**Supplied data:**
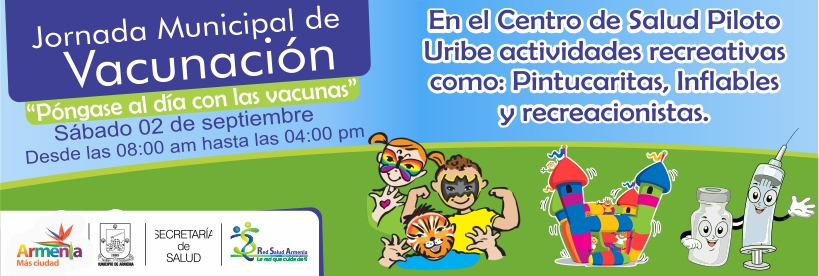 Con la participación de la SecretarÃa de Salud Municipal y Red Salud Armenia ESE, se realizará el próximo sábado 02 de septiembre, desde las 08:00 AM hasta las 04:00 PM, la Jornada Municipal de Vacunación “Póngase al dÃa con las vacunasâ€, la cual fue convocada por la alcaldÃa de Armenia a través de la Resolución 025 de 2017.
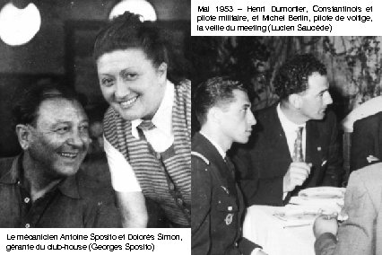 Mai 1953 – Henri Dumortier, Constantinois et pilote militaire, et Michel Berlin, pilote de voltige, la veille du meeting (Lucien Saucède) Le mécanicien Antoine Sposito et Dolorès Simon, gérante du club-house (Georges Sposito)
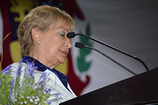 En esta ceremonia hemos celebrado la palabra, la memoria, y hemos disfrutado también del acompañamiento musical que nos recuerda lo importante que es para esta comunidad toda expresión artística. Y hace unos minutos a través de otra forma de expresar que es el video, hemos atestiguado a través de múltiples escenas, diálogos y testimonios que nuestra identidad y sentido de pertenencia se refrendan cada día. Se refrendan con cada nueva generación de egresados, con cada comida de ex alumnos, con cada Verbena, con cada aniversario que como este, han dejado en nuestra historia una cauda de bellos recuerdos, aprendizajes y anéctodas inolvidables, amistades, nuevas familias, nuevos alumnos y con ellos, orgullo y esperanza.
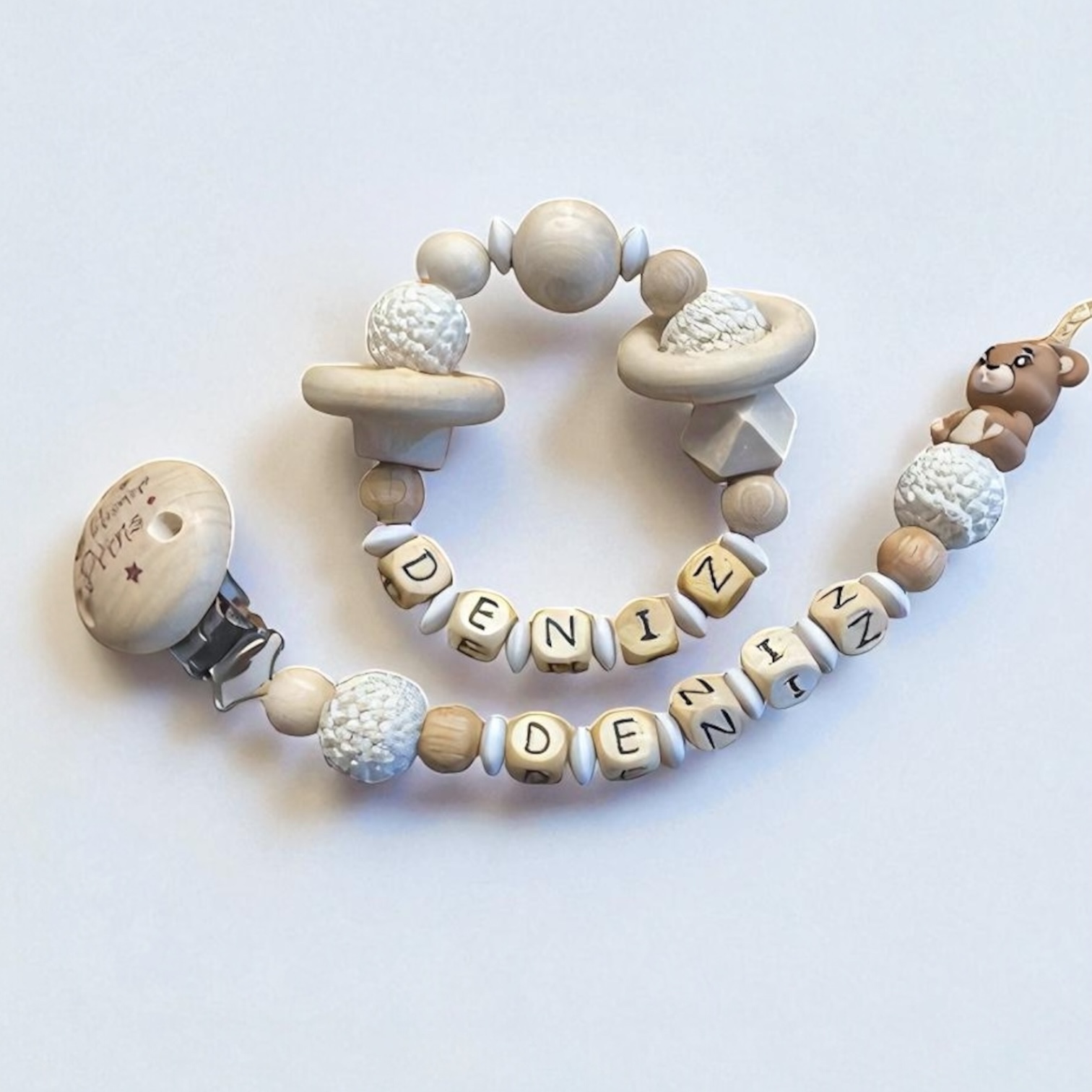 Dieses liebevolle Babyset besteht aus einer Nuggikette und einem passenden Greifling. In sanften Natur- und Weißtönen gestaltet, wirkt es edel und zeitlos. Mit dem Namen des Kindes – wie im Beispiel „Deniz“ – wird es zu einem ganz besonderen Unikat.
* * *
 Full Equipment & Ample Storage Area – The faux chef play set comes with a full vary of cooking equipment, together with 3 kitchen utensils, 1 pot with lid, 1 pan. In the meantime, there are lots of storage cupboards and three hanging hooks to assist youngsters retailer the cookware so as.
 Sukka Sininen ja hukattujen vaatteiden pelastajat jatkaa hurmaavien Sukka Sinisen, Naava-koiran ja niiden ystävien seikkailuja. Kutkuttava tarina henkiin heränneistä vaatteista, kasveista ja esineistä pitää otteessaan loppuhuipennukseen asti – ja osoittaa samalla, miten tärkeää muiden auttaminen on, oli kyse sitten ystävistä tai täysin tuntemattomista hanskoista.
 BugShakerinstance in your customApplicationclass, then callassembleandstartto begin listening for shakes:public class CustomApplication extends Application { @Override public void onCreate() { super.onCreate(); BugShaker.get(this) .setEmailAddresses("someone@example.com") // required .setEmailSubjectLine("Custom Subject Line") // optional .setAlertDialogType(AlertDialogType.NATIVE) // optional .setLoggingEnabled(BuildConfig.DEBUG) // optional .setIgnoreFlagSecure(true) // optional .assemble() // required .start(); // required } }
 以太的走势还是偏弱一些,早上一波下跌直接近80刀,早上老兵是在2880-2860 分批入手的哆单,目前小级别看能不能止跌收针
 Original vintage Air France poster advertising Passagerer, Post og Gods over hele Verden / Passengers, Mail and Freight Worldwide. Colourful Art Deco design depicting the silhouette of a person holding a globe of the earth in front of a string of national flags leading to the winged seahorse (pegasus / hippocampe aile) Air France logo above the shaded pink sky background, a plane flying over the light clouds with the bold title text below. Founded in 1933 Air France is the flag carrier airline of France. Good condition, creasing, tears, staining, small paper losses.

**Work instruction:**
Search the listing for the word "with", and copy every line in which it is found.

**Task answer:**
 Full Equipment & Ample Storage Area – The faux chef play set comes with a full vary of cooking equipment, together with 3 kitchen utensils, 1 pot with lid, 1 pan. In the meantime, there are lots of storage cupboards and three hanging hooks to assist youngsters retailer the cookware so as.
 Original vintage Air France poster advertising Passagerer, Post og Gods over hele Verden / Passengers, Mail and Freight Worldwide. Colourful Art Deco design depicting the silhouette of a person holding a globe of the earth in front of a string of national flags leading to the winged seahorse (pegasus / hippocampe aile) Air France logo above the shaded pink sky background, a plane flying over the light clouds with the bold title text below. Founded in 1933 Air France is the flag carrier airline of France. Good condition, creasing, tears, staining, small paper losses.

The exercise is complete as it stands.